I currently do not run dual boot, because I did so in the past and I found it really cumbersome. I mainly use Linux for some of my development work, and I found it easier to run it in virtual machines, depending on the dev environment I work in. This way I can swap and manipulate them really easy. It was time consuming for me to keep restarting the computer to switch the OS.

However, lately I started using Windows 8 + Cygwin + virtual machines, which gives me the most powerful and versatile configuration. So it really depends on what you want to use the OS's for.

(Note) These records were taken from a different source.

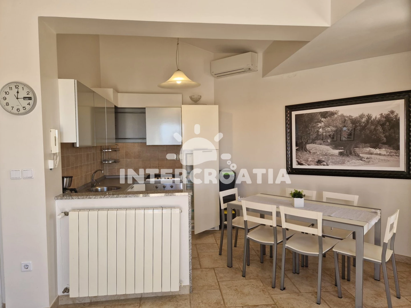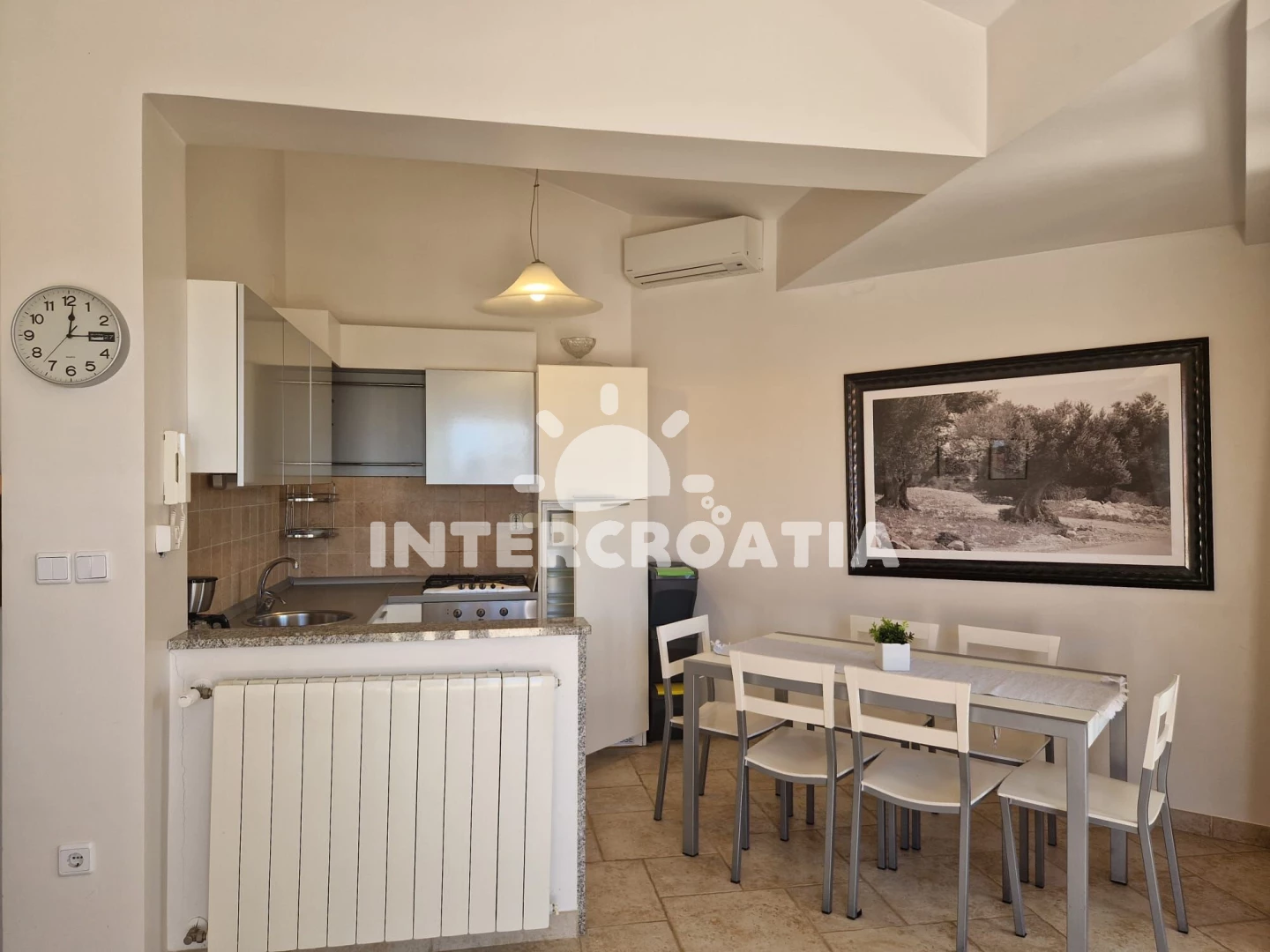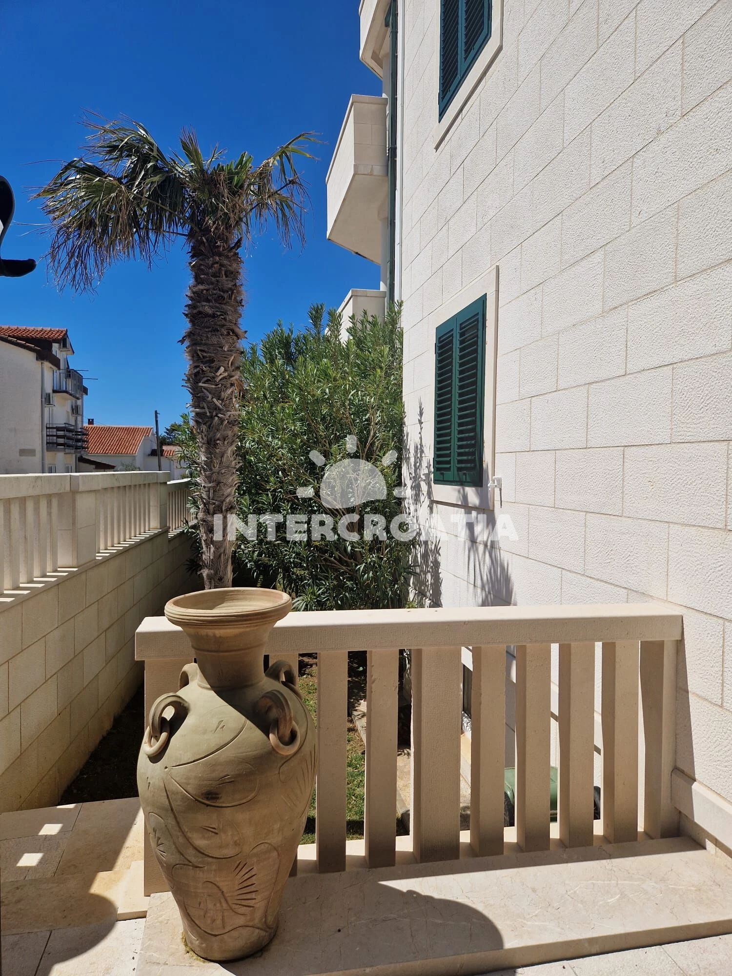 Vzdálenosti: Moře a oblázková pláž 500 m, restaurace 50 m, bar 100 m, supermarket 400 m, centrum města 700 m, veřejná doprava 100 m, ambulance, lékárna a směnárna 300 m, banka 500 m, pošta 800 m, trajekt (Žigljen) 8 km, letiště (Zadar) 90 km.
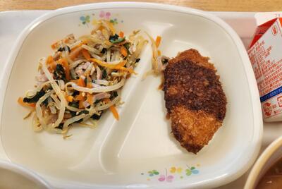 ごはん、牛乳、県産カジキカツ、県産もやしのごま油あえ、県産里芋のそぼろ煮
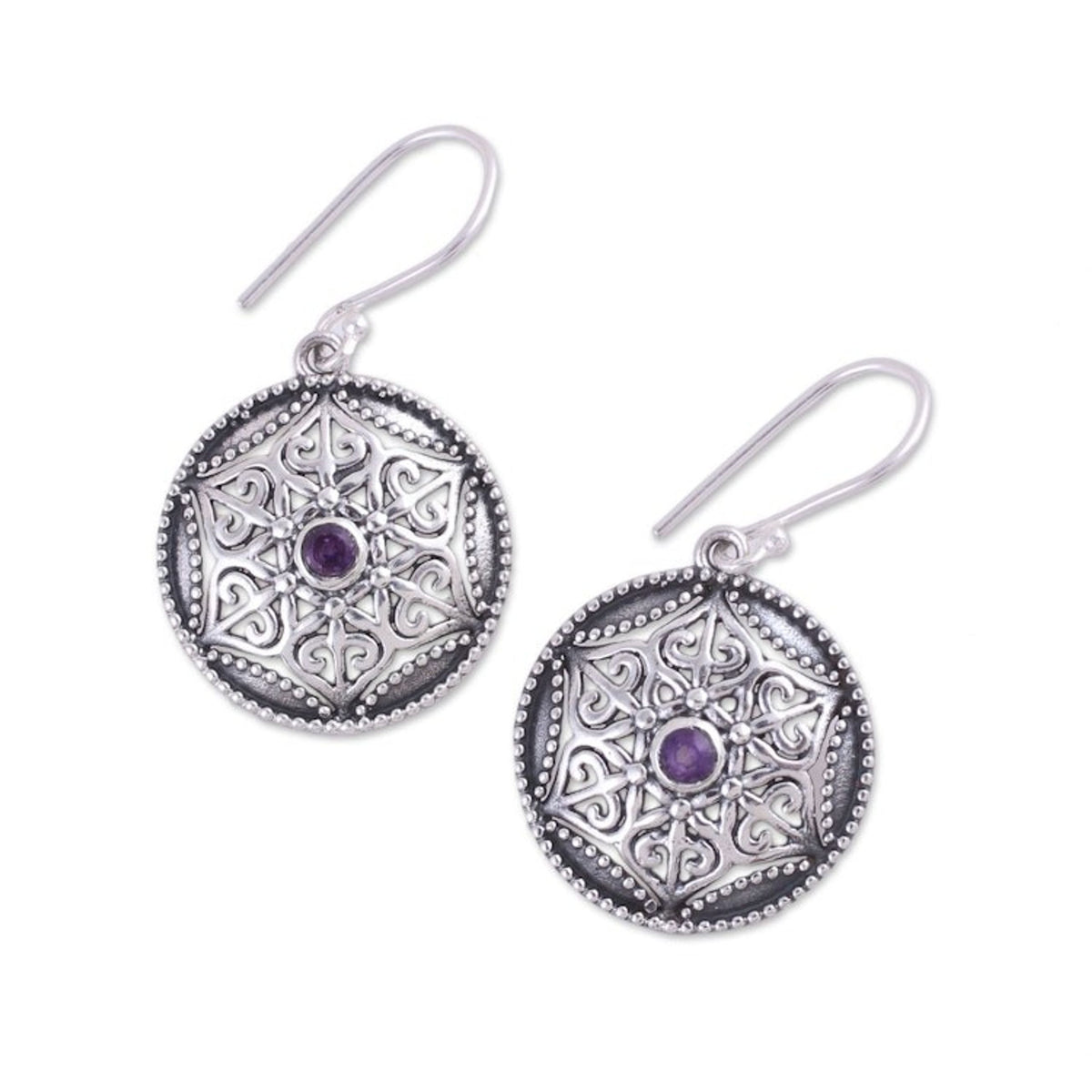 Handcrafted in India, these earrings are made from 925 sterling silver and amethyst. They feature a combination finish, measure 1.5 inches L x 0.8 inches W, and secure with hook clasps.
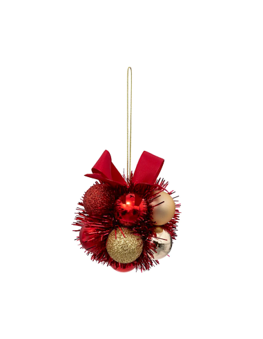 PENDENTE 11 SFERE 3CM ORO/ROSSO PLASTICA
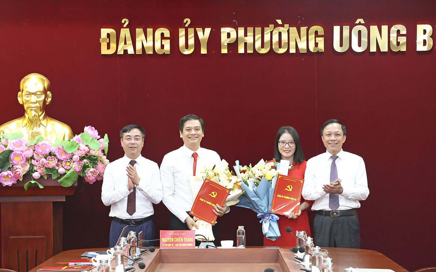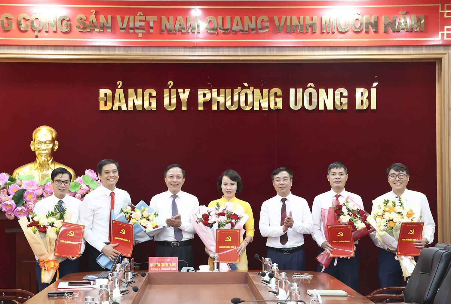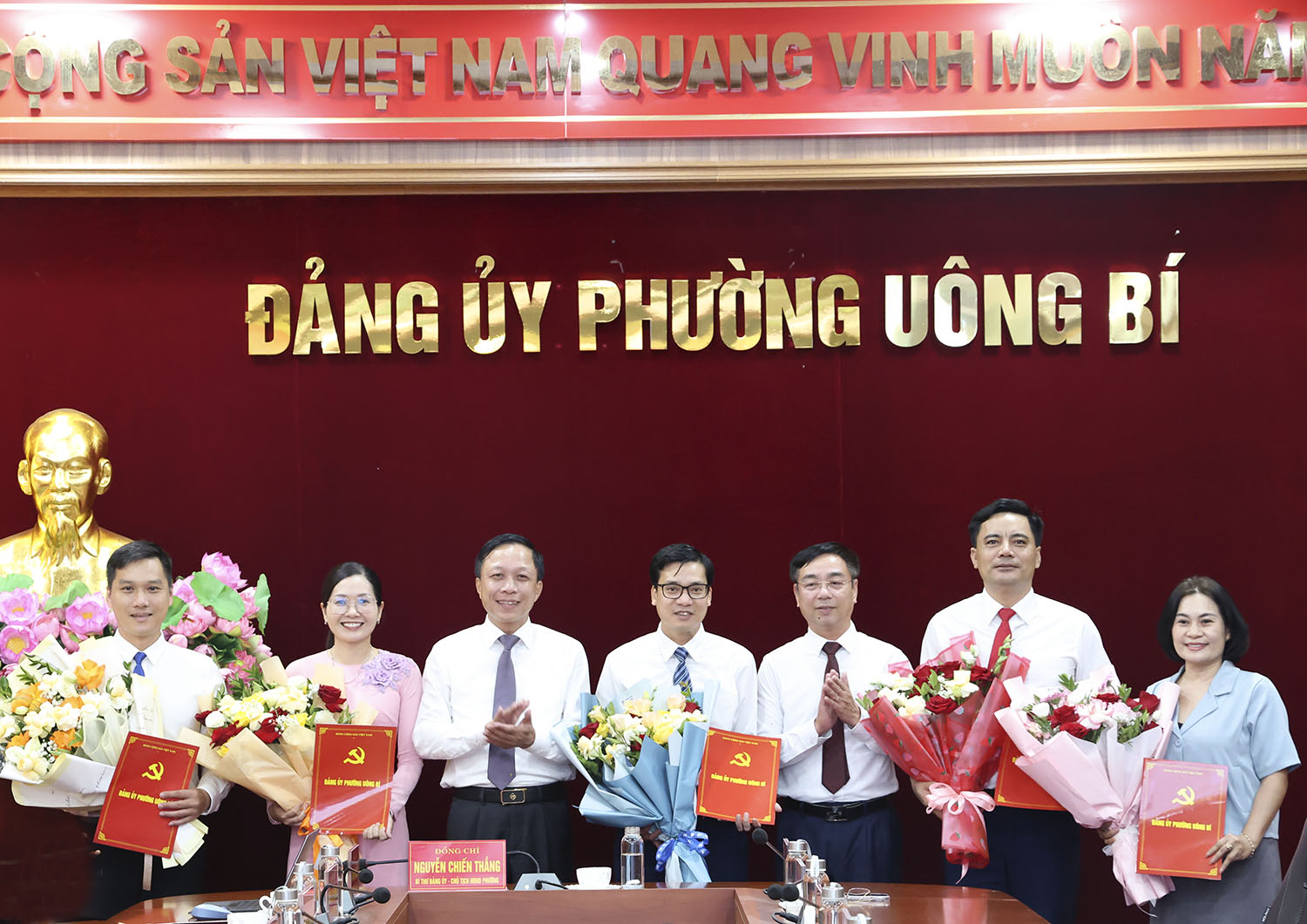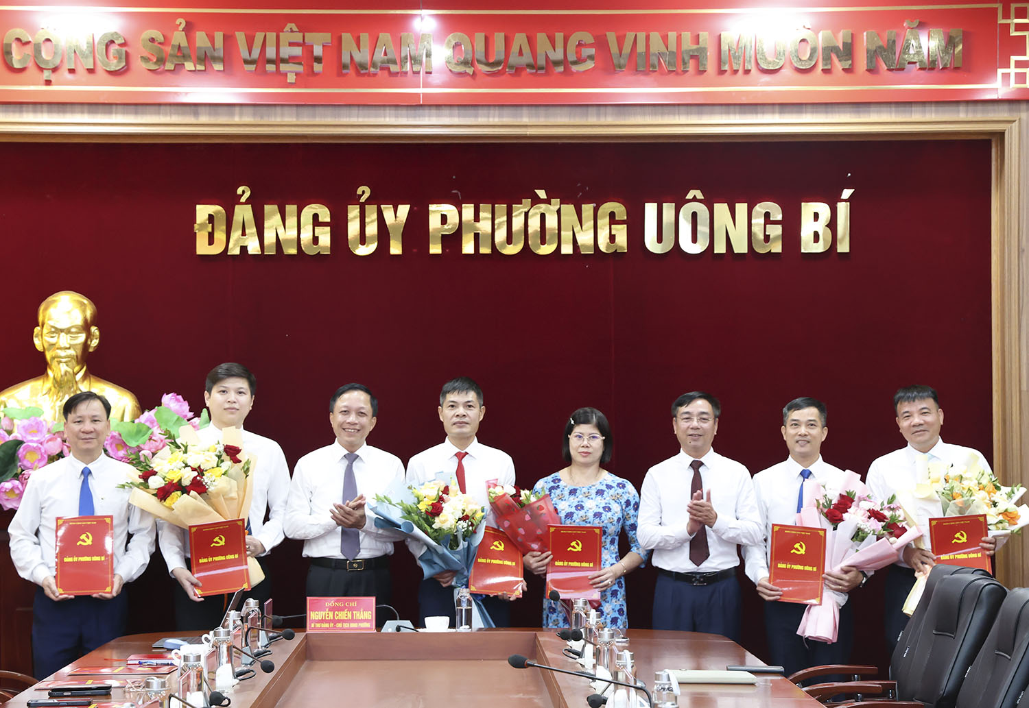 Đồng thời, công bố các quyết định tiếp nhận, bổ nhiệm và chỉ định cán bộ giữ chức vụ tại các cơ quan chuyên trách, cụ thể: đồng chí Bùi Tiến Hưng giữ chức Chủ nhiệm Ủy ban Kiểm tra Đảng ủy phường đồng chí Trần Thị Hường giữ chức Trưởng Ban Xây dựng Đảng; đồng chí Nguyễn Hồng Quang giữ chức Chủ tịch Ủy ban MTTQ Việt Nam phường; đồng chí Trần Văn Giầu giữ chức Chánh Văn phòng Đảng ủy phường; đồng chí Nguyễn Quang Nghĩa giữ chức Giám đốc Trung tâm chính trị Uông Bí.

As for the recovery partition, I didn't have them, as I remember, since the laptop did not come with a pre-installed OS. But generally such recovery partitions are used for restoring the native OS (usually Windows) and when you do have those, you usually also have the option to create DVDs (and probably USBs) for recovery. At least this is how it was on my older Toshiba. Generally I did not care much for the recovery partitions, because if you do have the Windows serial key for your installation, you can pretty much use any other setup, even a trail or something. I guess Windows even provides digital downloads lately (don't quote me on that though).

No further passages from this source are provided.